LinuxQuestions.org (/questions/)
-   Debian (http://www.linuxquestions.org/questions/debian-26/)
-   -   Trying to troubleshoot system (network?) pauses (http://www.linuxquestions.org/questions/debian-26/trying-to-troubleshoot-system-network-pauses-724280/)

emgee3 05-06-2009 09:01 PM

Trying to troubleshoot system (network?) pauses
 
I'm running Debian 5 PPC on a Apple G4 that I'm using as a router. Since I installed it, I have a strange problem where every several minutes (I've seen it between 4 and 6 minutes, but not every 4-6 minutes) the system pauses and doesn't accept any input for a 1-3 minutes. Then it continues on as if nothing happened.

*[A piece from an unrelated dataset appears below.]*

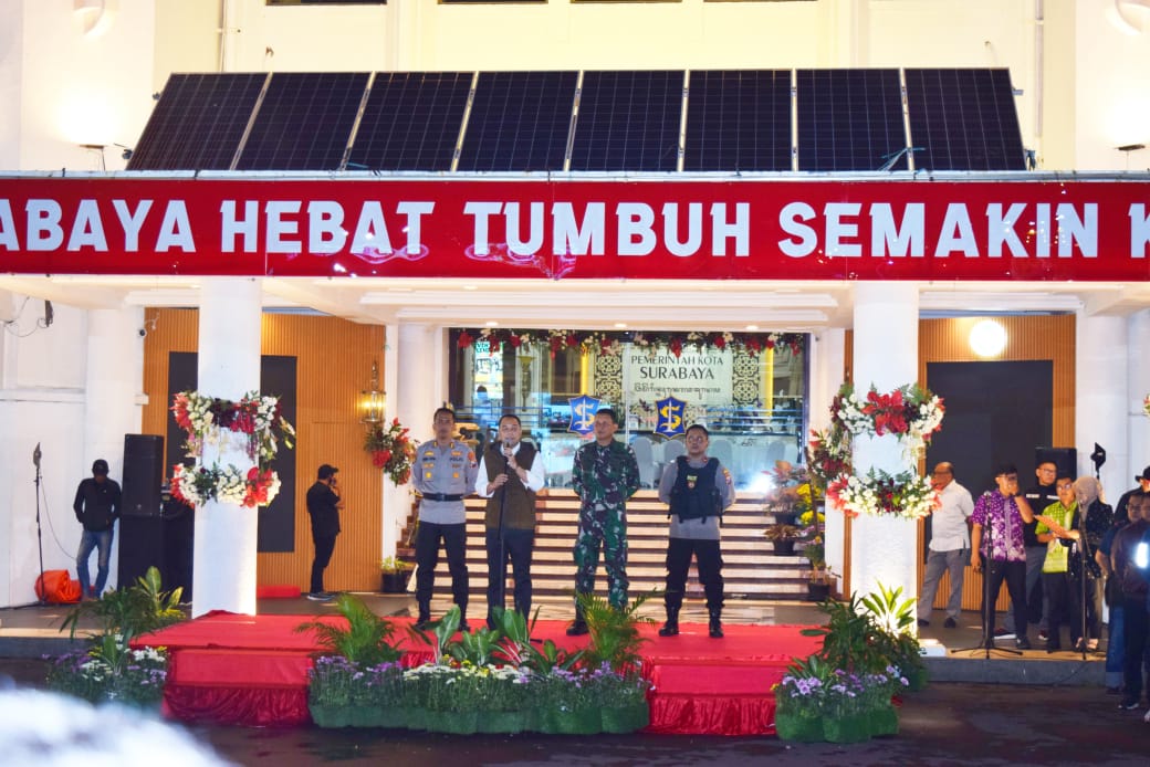 Kegiatan tersebut diawali dengan apel bersama yang diikuti oleh unsur TNI, Polri, Satpol PP, dan perwakilan dari kecamatan serta kelurahan se-Kota Surabaya bertempat di Taman Surya Balai kota Surabaya.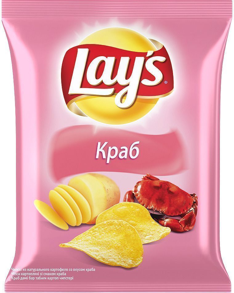 Чипсы из натурального картофеля. Готовы к употреблению. Хрустящие золотистые чипсы Lay`s – это отличное сочетание отборной картошки, растительного масла и вкусовых добавок. Лейс Краб  – настоящее удовольствие для всей семьи! Тонкие хрустящие чипсы LAY`S золотистого цвета имеют выраженный вкус молодого лучка, который приобретают благодаря добавлению ароматических веществ. Чипсы Лейс быстро утоляют чувство голода, поэтому подходят для перекуса в течение дня. LAY`S удобно брать с собой в дорогу, на прогулку или на занятия. Чипсы Лейс можно использовать в кулинарии при приготовлении салатов и закусок. Вакуумная упаковка Лейс способствует сохранности продукта без дополнительных консервантов.

I'm not running X, this is all from the command line. I noticed this once or twice when setting up the system, but didn't think much about it. After I installed the router, it's gotten a bit more annoying, as I ssh to a server behind the router and mid-typing all of a sudden I have to wait.

I suspect it's coming from one network cards based on some google searches I've done, but I can't tell if I'm describing the problem properly.

This is a lcpci that shows the network cards:
Code:

01:02.0 Ethernet controller: VIA Technologies, Inc. VT86C100A [Rhine] (rev 06)
01:03.0 Ethernet controller: Realtek Semiconductor Co., Ltd. RTL-8139/8139C/8139C+ (rev 10)
01:04.0 Ethernet controller: Realtek Semiconductor Co., Ltd. RTL-8139/8139C/8139C+ (rev 10)

I've also checked various log files but I don't see any messages around that time period that are suspicious to me.

I've had this problem in a Vyatta 4 install as well (which is based on Debian Lenny), on completely different hardware, but the same brand network card.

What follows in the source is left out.